The bonds would be issued in phases to the developers of 1.35 million square feet in and around the nearly 1 million-square-foot Solo Cup plant owned by Warren Davis Properties, according to Economic Development Director Mary Lilly Smith.

Only one member of the public, Steven Reed, objected to the plans. He said that dividing the property could prevent the city from securing a single tenant to fill the space. He also objected to a first reading bill connected to the resolution that would allow outside legal counsel to draft the incentives package. City staff, however, said Warren Davis Properties would be responsible for those legal fees.
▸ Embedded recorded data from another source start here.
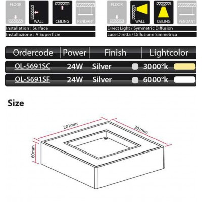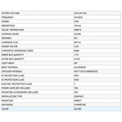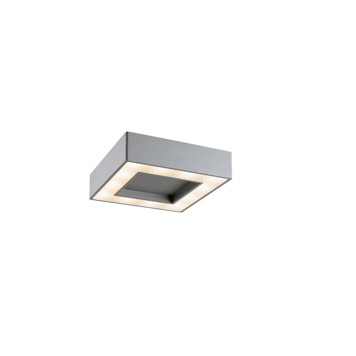 LED stropní svítidlo venkovní čtvercové. 24W.Materiál hliník.Barva matná stříbrná.Určeno pro vnější použití IP54. Balení OBSAHUJE světelný zdroj (12 LED) a trafo vstup 220V-240V 50-60Hz.Barevné teplotě 3000°K. Není stmívatelná. Životnost 40.000 h. Záruka 24 měsíců.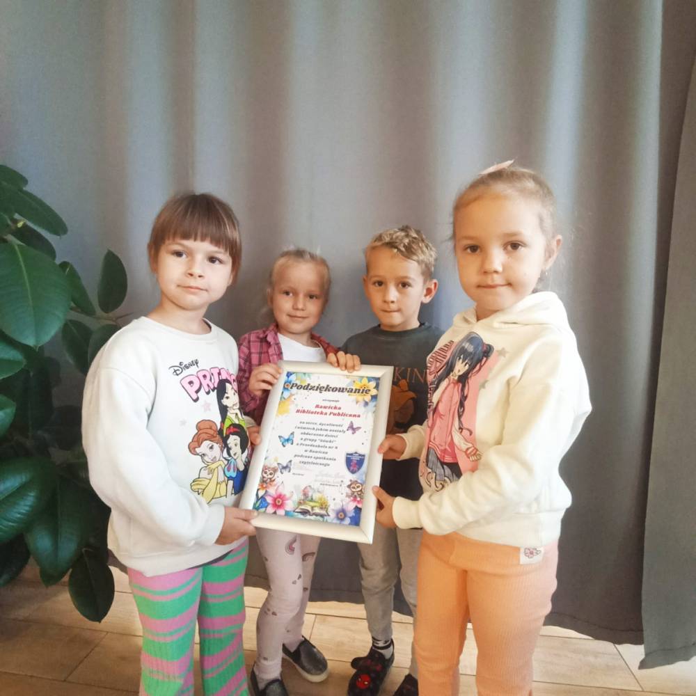 Po pełnej wrażeń przygodzie w bibliotece Sówki wróciły do przedszkola, gdzie czekały na nie kolejne niespodzianki. Każde dziecko otrzymało upominek – kubeczek z logo swojej grupy, w kubeczku słodką niespodzianke, piłkę antystresową z motywem globusa oraz imienny dyplom przedszkolaka. Radość i uśmiechy dzieci były najlepszym dowodem na to, jak ważne są takie dni.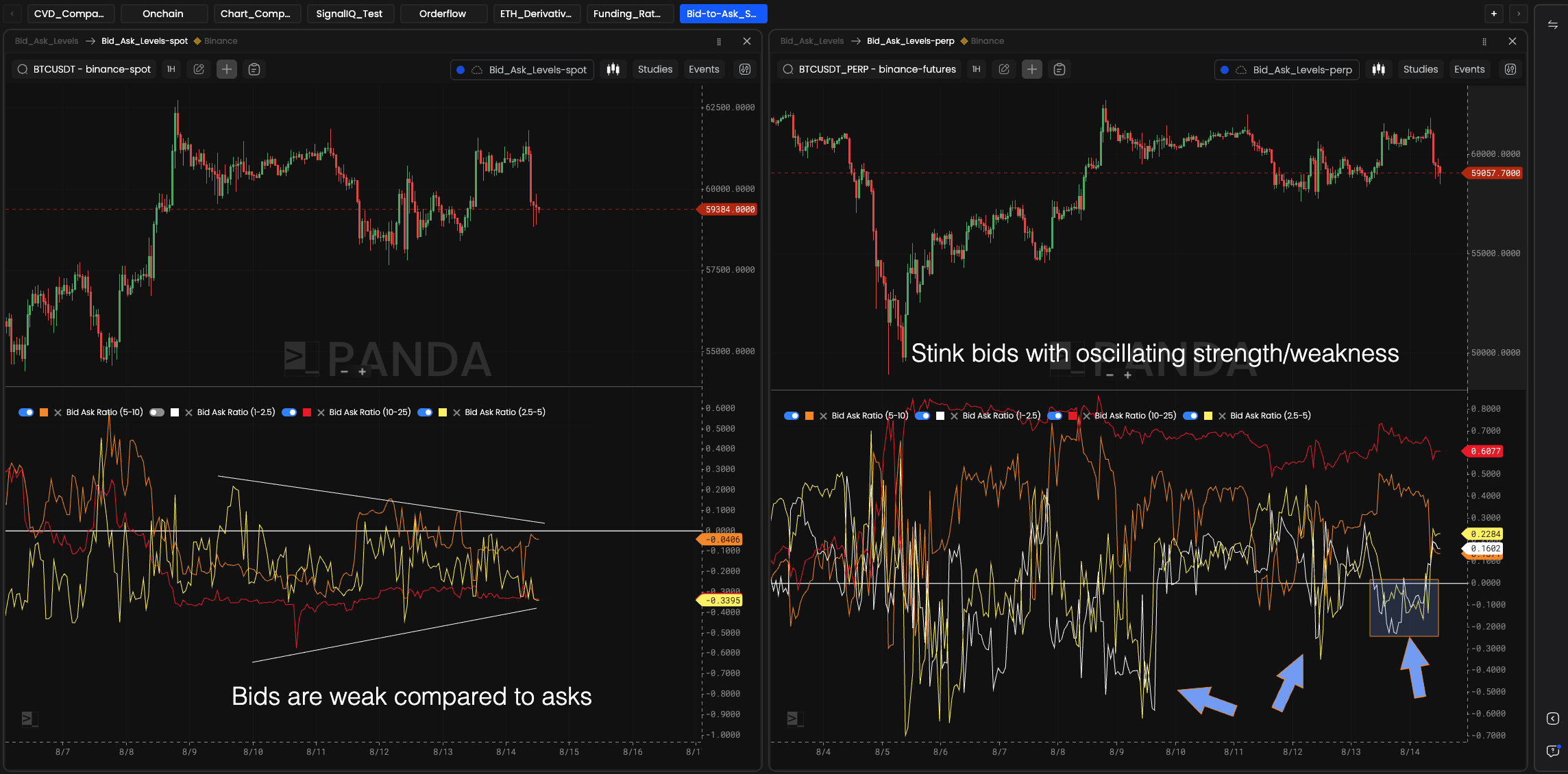 Then on the right-hand side we see Perps are showing mid-term fluctuations between 1-5% depths. This is the white and yellow lines that the arrows are pointing at.

Patrick Harrington, the listing agent for Warren Davis Properties, said the former plant, which ceased operations in March, would need to be split up and renovated to attract multiple tenants.

He said the average prospect for filling the Solo Cup plant needs between 75,000 and 250,000 square feet. Renovating the roughly 60-year-old facility could help bring long-term jobs to the area.

“There's 1,200 parking spaces there, and I would like to see those fill up,” Harrington said.

Smith said the issue of limited liability bonds would put all of the liability on the developers, who want to take advantage of the real and personal property tax abatements. The resolution states that the tax abatement on real property would be 100 percent for a 10-year period and 50 percent for the following 15 years. A 50 percent personal property tax abatement on equipment purchases also would be available for 10 years.

Smith said the city of Springfield collaborated with several organizations, including the Springfield Area Chamber of Commerce, to put together the incentives package to attract investment in the city.

“We have an opportunity here to fill a big, empty building,” Smith said, adding that a default on bonds by developers wouldn't hurt the city’s credit rating.

Rob Dixon, manager of business development for the chamber, said the incentives were needed to remove any obstacles or concerns those considering the property might have.

“There is no other community in the state that we know of that has a vacant building of this size,” Dixon said. “This is a unique situation that requires a unique response.”

Mayor Jim O’Neal said offering such incentives is exactly the kind of thing the city should be doing to bring jobs and investment to the area.

“With this, there is very little to risk and a lot to gain,” O’Neal said.

Under state statutes, Industrial Development Revenue Bonds can be issued by local governments to finance industrial development projects. Upon issuance of the bonds, the owner transfers ownership to the issuing body. Bond proceeds are then used to fund project improvements. After the bonds have been repaid, the title is then transferred back to the original owner.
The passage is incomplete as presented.